WHAT IS EXPECTED ▸
Only the lines from the one containing "При разработке меню" through the last line of the data below belong in your answer, copied exactly and without pictures.

INPUT DATA ▸
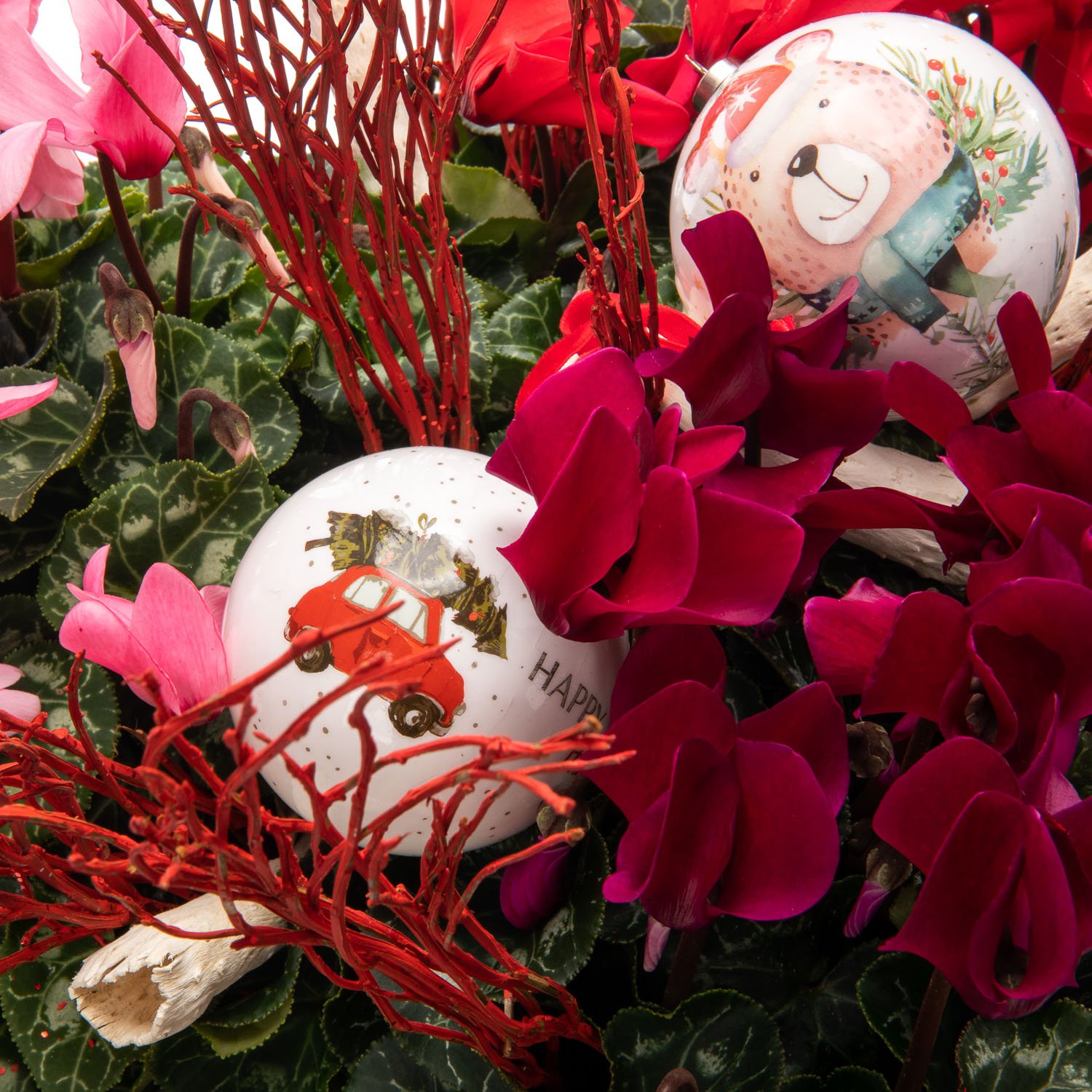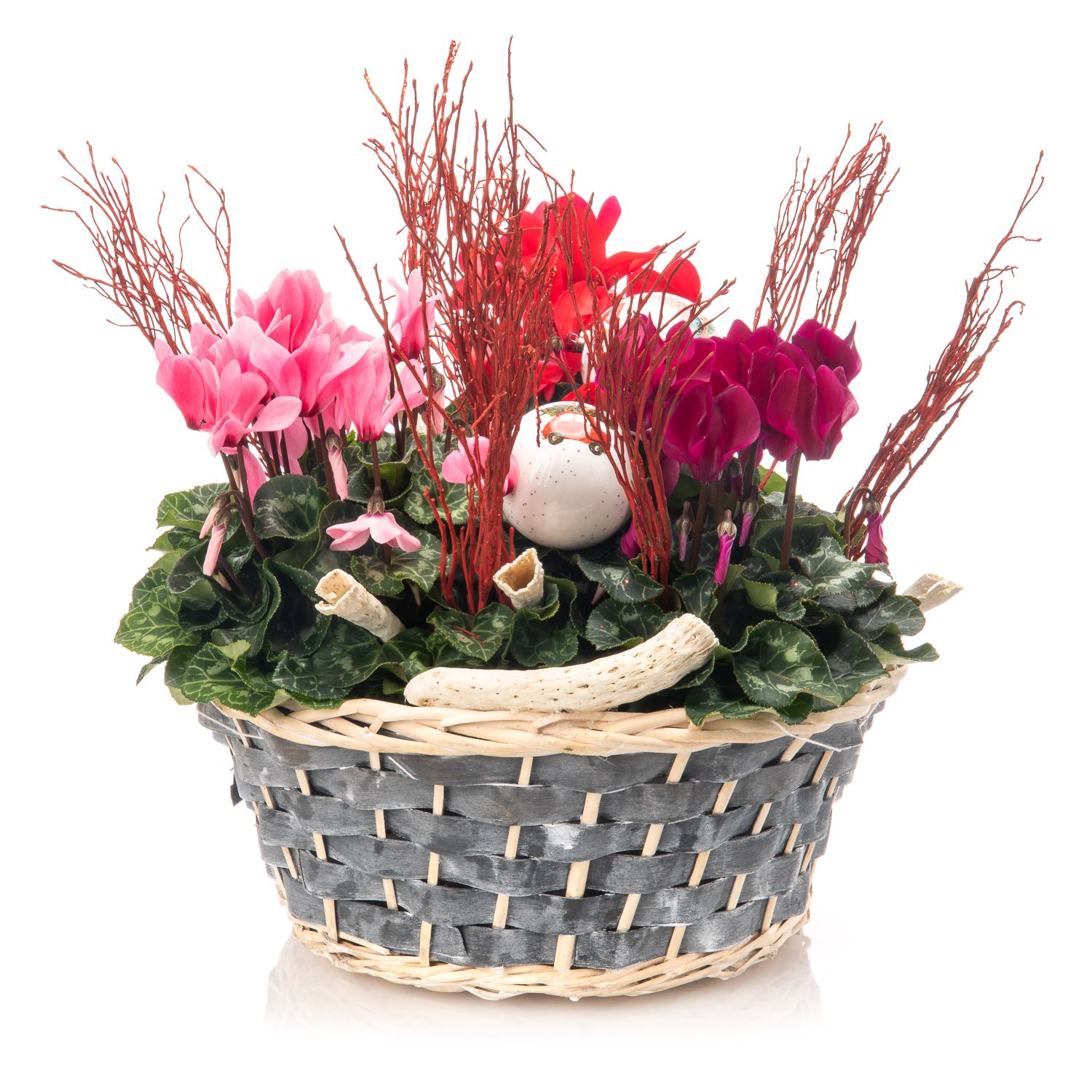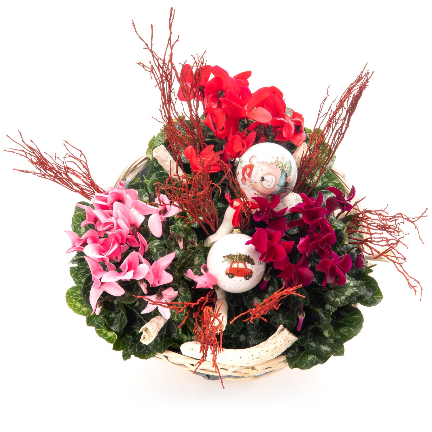 3 ks cyclámen (brambořík), vánoční dekorace, proutěný koš a okrasná mašle
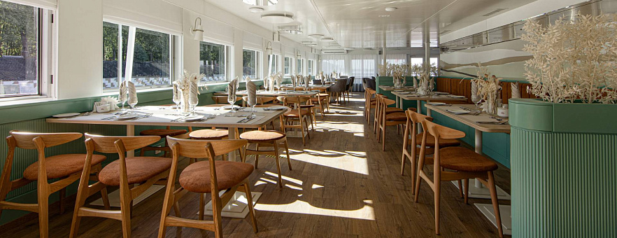При разработке меню для ресторанов на борту наши шеф-повара вдохновлялись кулинарными традициями побережья Чёрного моря, Волги, Дона, озёрного края Северо-Запада России. Мы используем свежие локальные продукты, характерные для этих регионов, и предлагаем нашим гостям попробовать блюда, которые отражают гастрономические особенности народов нашей страны. Благодаря концепции «Родные берега», вы получите более полное представление о том месте, в котором находитесь, откроете новую палитру вкусовых ощущений и обретёте дружную компанию единомышленников.
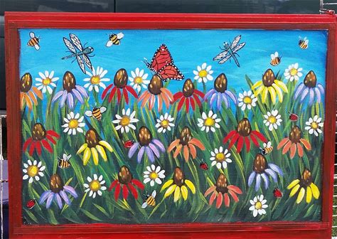 Painted Screen, Painted Window Screen With Bright Flowers, Dragonflies, Butterflies, Bees And Ladybugs

RESPONSE TO THE EXERCISE ▸
При разработке меню для ресторанов на борту наши шеф-повара вдохновлялись кулинарными традициями побережья Чёрного моря, Волги, Дона, озёрного края Северо-Запада России. Мы используем свежие локальные продукты, характерные для этих регионов, и предлагаем нашим гостям попробовать блюда, которые отражают гастрономические особенности народов нашей страны. Благодаря концепции «Родные берега», вы получите более полное представление о том месте, в котором находитесь, откроете новую палитру вкусовых ощущений и обретёте дружную компанию единомышленников.
 Painted Screen, Painted Window Screen With Bright Flowers, Dragonflies, Butterflies, Bees And Ladybugs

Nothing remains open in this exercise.